Thanks to everyone who commented and read through my post last night. The post got a lot more attention than I expected (on hacker news and reddit at least). Many comments both here and on those threads quite reasonably pointed out problems with the data presented. I should have been a lot more clear initially about the caveats and issues, and put those at the front of the post instead of the end.
I’d like to try to address some of the concerns raised when possible, and be clear about which problems I don’t see an easy way of fixing:
Many commenters have noted that the results are not significant without including confidence measures. In retrospect I should have calculated confidence intervals from the beginning instead of just the mean values; I had assumed incorrectly that the n=100 cutoff would keep the error low enough to ignore, but that was a mistake. Below is an updated graph with 95% confidence intervals:
and the numbers:
As it turns out, the commenters who noted that the top and bottom languages were likely because of small samples were correct. Although the confidence ranges of the top and bottom groups don’t overlap, the difference is not as clear-cut as the means would suggest.
I’m going to try to gather some data from sparser-represented languages to clean this up, and will update here when I have better numbers (this might take a while because of API rate limiting.)
Household Income vs Personal Income
Many commenters noted that these numbers use household income rather than personal income. This is a limitation of the data sets I’m using rather than voluntary; the Rapleaf API only returns household income. Rather than give up I decided to use the household measure instead.

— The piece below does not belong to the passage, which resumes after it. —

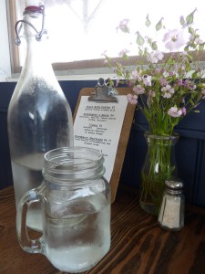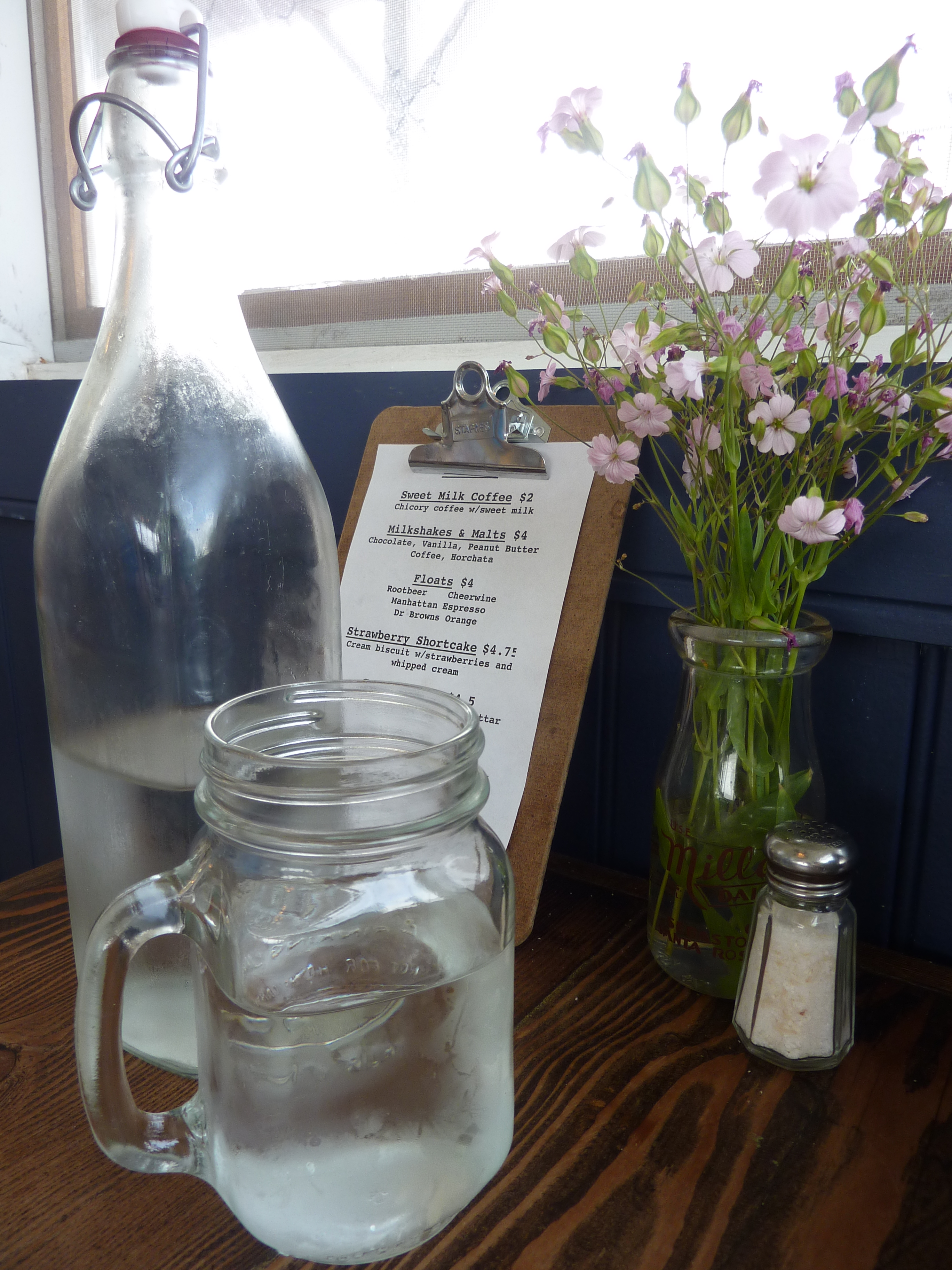 The details are everywhere if you look carefully, from the wildflowers on the table, the homemade jams and condiments for sale, to the mason jar water glasses.

This is not ideal, but I don’t think it is a critical flaw; for this difference to skew the results, authors of certain languages would need significantly different marriage patterns or a tendency to marry richer / poorer spouses relative to other languages. This is not impossible, but I think the results are still useful with this caveat in mind.
If anyone can suggest a data set with personal incomes I can use instead, I’ll gladly use those. Otherwise I’ll be more clear that the incomes are household rather than personal.

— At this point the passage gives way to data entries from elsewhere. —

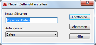Gibt einen Namen für einen neuen Zellenstil sowie einen vorhandenen Zellenstil an, auf dem der neue Stil basieren soll.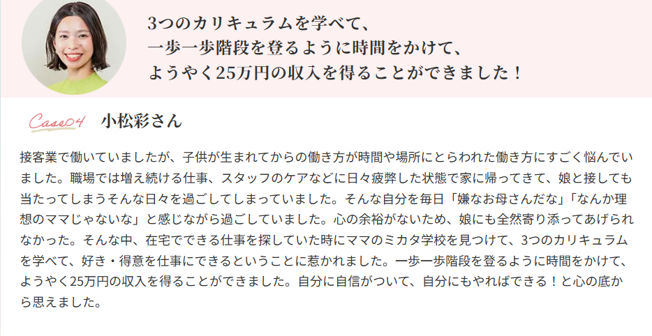 ママのミカタ学校が「サポートが手厚い」と言われるのは、ただ説明が丁寧だからではありません。そのサポートによって、実際に成果を出している人が多いからです。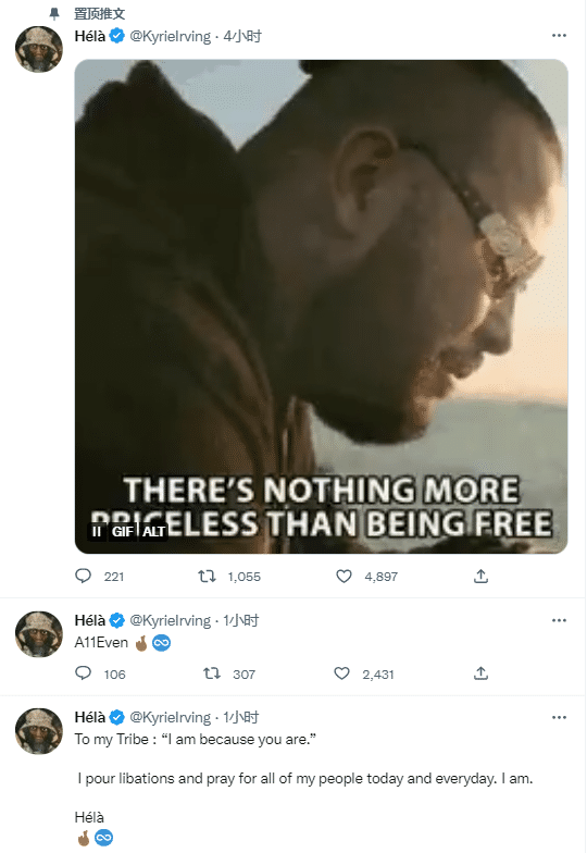 之后欧文连续发推,先是晒gif动图,图中写道:没有什么比自由更无价的了。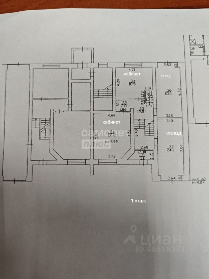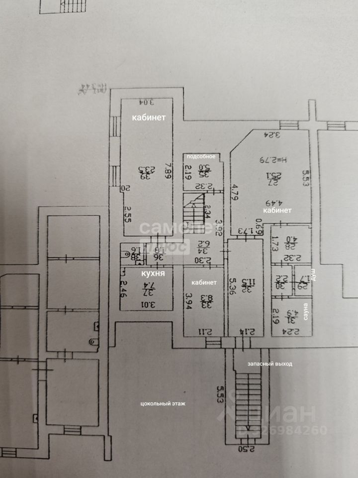 Помещение находится на двух этажах - первый и цоколь. В помещении два входа- центральный и запасный.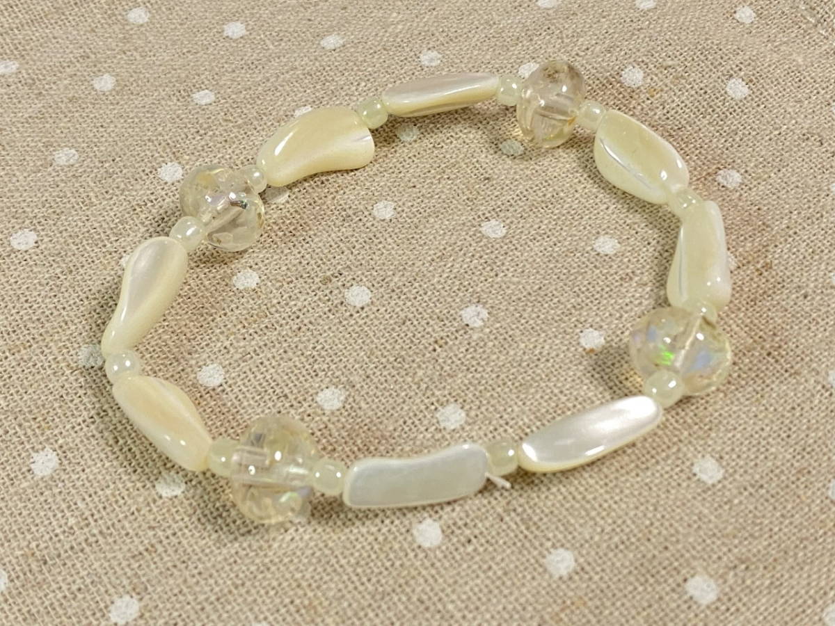 - ◎細石入り樹脂ビーズと高瀬貝のブレスレット17.5cm(J09)

Correcting for Confounding Variables
The original numbers did not attempt to adjust for any other variables, some of the more obvious being age and location. It’s been suggested that I look into using partial dependence plots to separate out other variables. I’ll be taking a look at that over the next few days.
Unfortunately there’s not a lot I can do about many missing languages; many are not recognized by GitHub (SQL, among others). As I gather more data, I’ll include the languages which were omitted here because of sample size.
Thanks again to everyone who read and commented. I’m going to process the lessons here and be more careful when posting numbers in the future (I’d still like to give similar breakdowns for gender and age soon.)